Литмир - Электронная Библиотека
A
A

На мне были новые туфли, новая юбка и новая белая блузка. В бумажном пакете лежали старая юбка с блузкой — сущие лохмотья — и зубная щетка.

Не заметить чернокожего в Таунсвиле трудно, особенно в аэропорту, если он стоит в дверях терминала и машет обеими руками, сверкая улыбкой от уха до уха. Еще на летном поле мне бросилось в глаза, что отец окончательно уподобился белым — это во мне проснулась мамина критическая жилка.

Он пришел в шортах и полуботинках. Под белой рубашкой выпирал толстый живот. Отец и пиво были друг к другу неравнодушны. Так говаривала мама.

На летном поле человек с сигнальными флагами дал отмашку, направив самолет на стоянку. Теперь настала очередь отца: широко раскинув руки, он встал в позу того же сигнальщика. Лицо меня не слушалось. Я хотела улыбнуться, но у меня защипало глаза — и тут же хлынули слезы. От счастья.

У отца на шее была серебряная цепочка. После первых объятий он ее снял и надел на меня. Думаю, у него просто возник порыв чем-нибудь со мной поделиться, а цепочка оказалась под рукой. Ношу ее по сей день.

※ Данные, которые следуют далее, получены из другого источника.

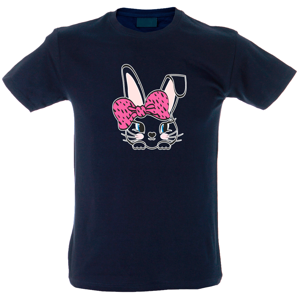 Camiseta hombre de cuello redondo con cinta de refuerzo en el cuello con diseño de conejito lazo.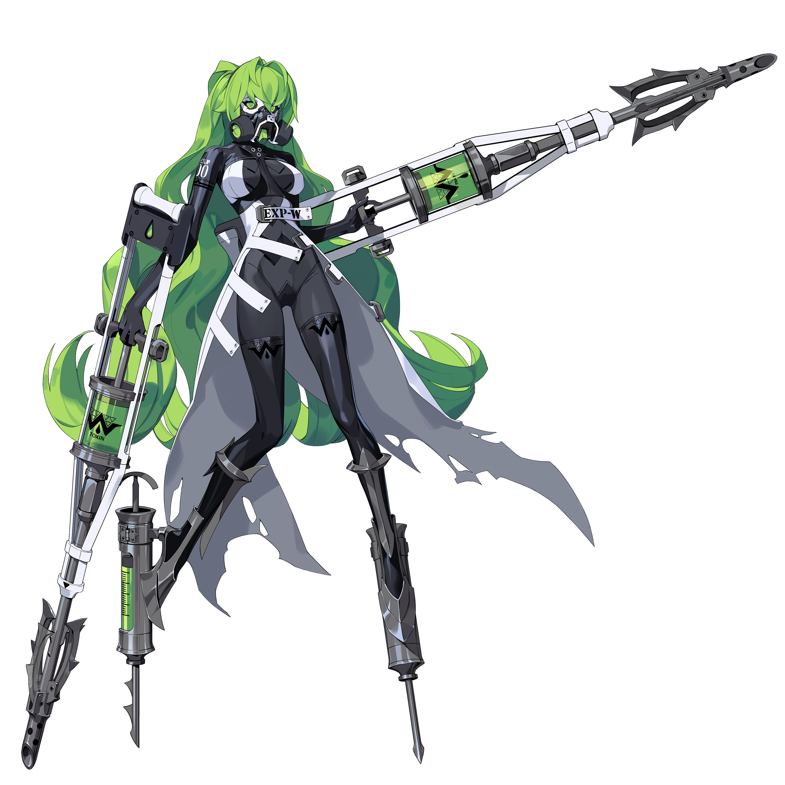 1girl absurdres android artist_request black_survival breasts colored_sclera crutch dr._wickeline eternal_return:_black_survival gas_mask green_eyes green_hair green_sclera highres lab_coat long_hair mask official_art robot solo syringe third-party_source torn_clothes torn_coat transparent_background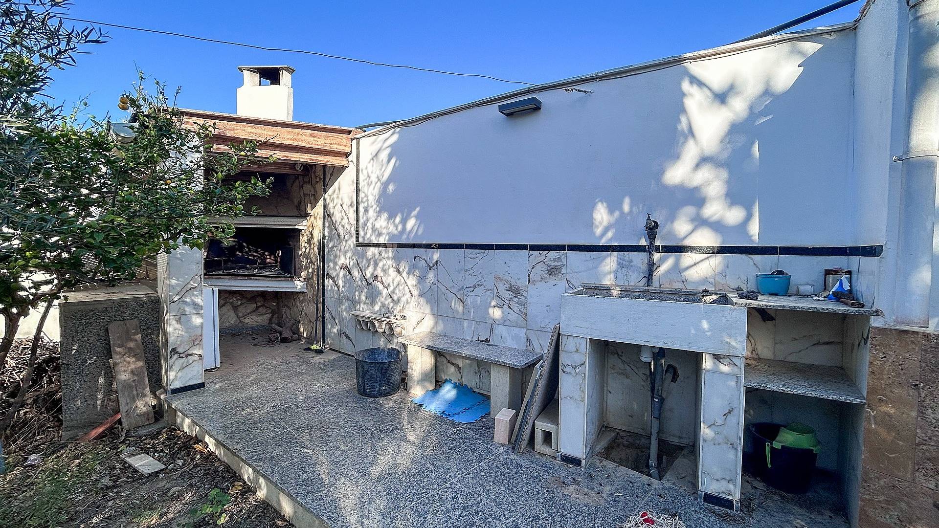 En el exterior, la propiedad dispone de una caseta independiente con cocina de verano y barbacoa integrada, ideal para disfrutar de comidas al aire libre. Además, cuenta con una segunda barbacoa exterior, perfecta para reuniones familiares o con amigos.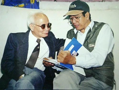 Huyền thoại Mai Duy Dưỡng (trái) và nhà báo Nguyễn Lưu trò chuyện ở 1 giải đấu bóng bàn. Ảnh: Phan Sang
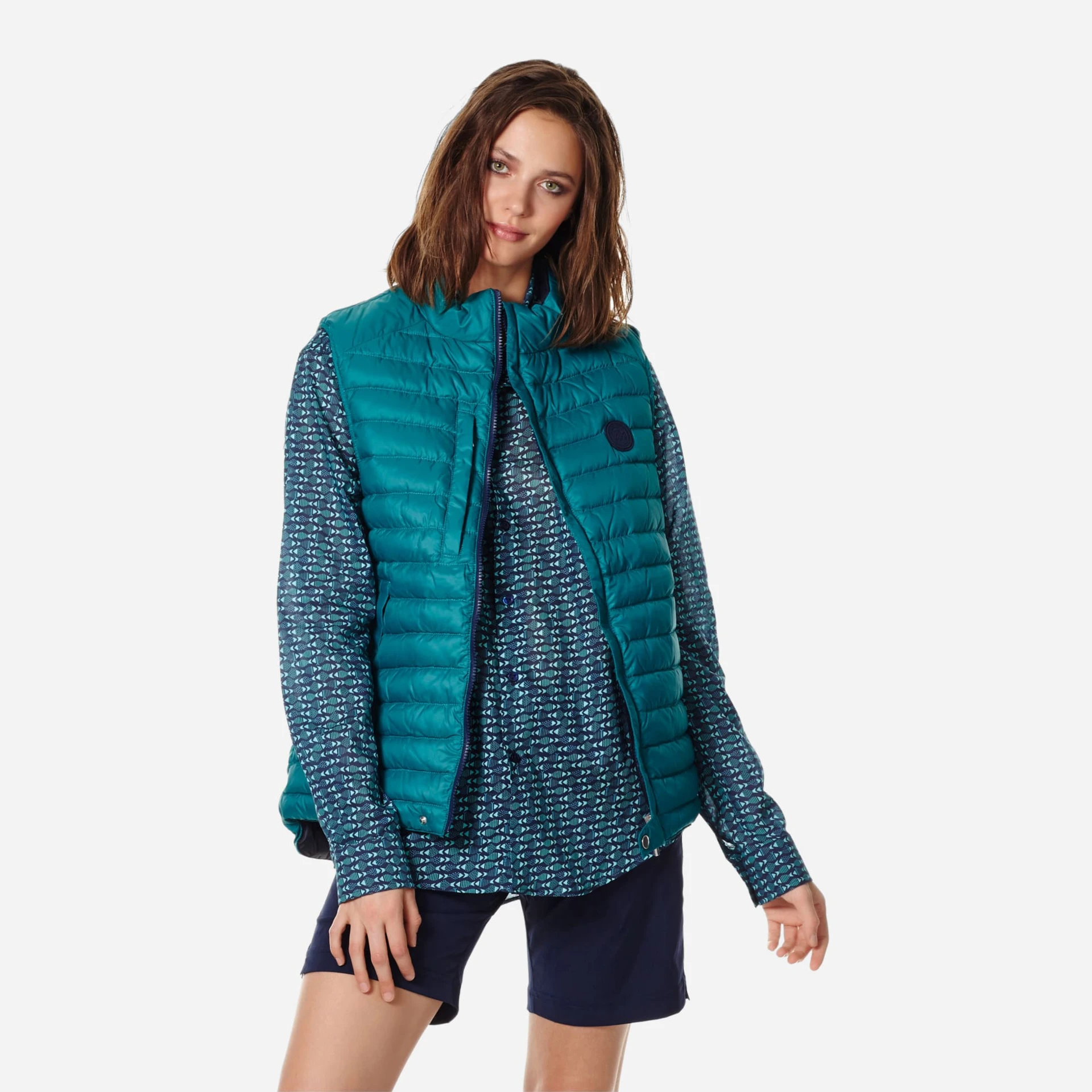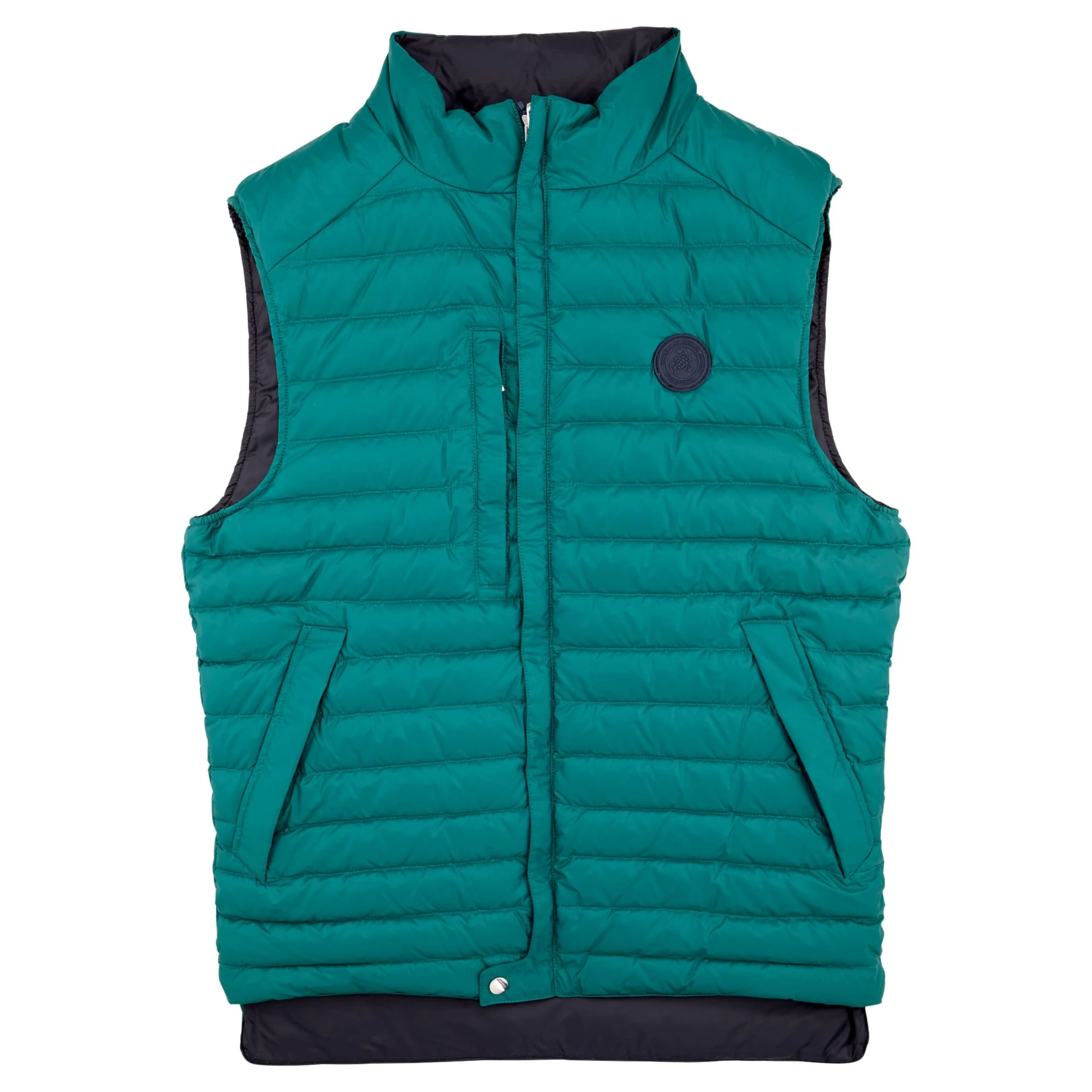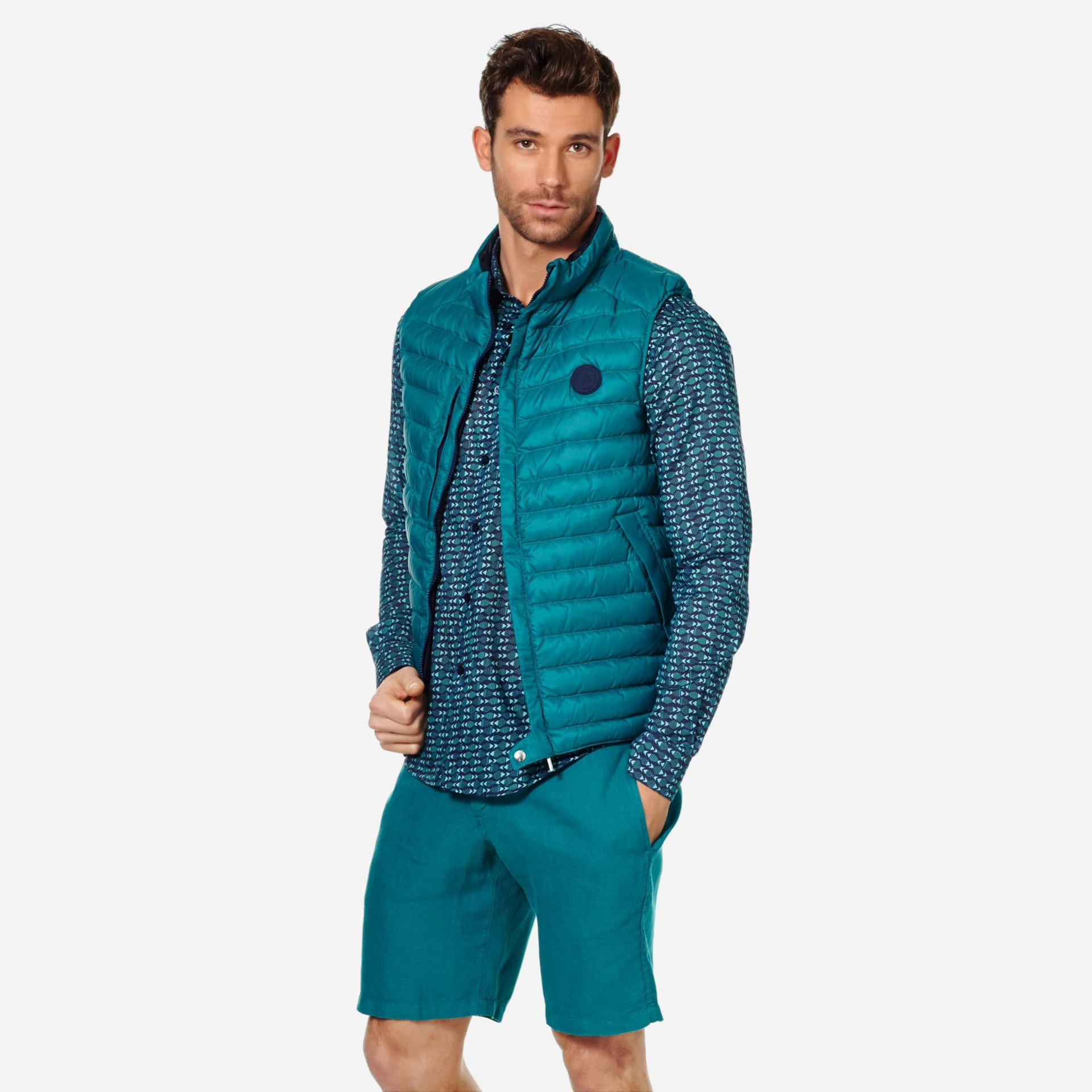 İki taraflı da kullanılabilen Vilebrequin Versant yelekler, serin bahar günlerinde ve yaz akşamlarında sizi ısıtıyor. Geri dönüştürülmüş kuş tüyleriyle doldurulmuş bu yelek, iki yan cep, fermuarlı bir göğüs cebi ve küçük bir saklama çantasına sahiptir.

— Гляди-ка ты, — приговаривал отец. — Гляди-ка ты.

Сияя белозубой улыбкой, он обвел взглядом толпу встречающих, как будто приглашал каждого полюбоваться. Потом он спросил, есть ли у меня багаж.

— Только это, — ответила я, подняв бумажный пакет.

Папа оторвал меня от земли и закружил. Я не знала, получил ли он известие о маме. Мне показалось, он ожидал увидеть в аэропорту нас обеих. Но он ничего не сказал и ничем себя не выдал.

Положив руку мне на плечо, отец собрался вывести меня через аэровокзал на таунсвильскую жару. Напоследок он обернулся и быстрым взглядом окинул пустую гудроновую дорожку. Заметив, что от меня это не укрылось, он улыбнулся сквозь остекленевшие глаза и перешел на другое.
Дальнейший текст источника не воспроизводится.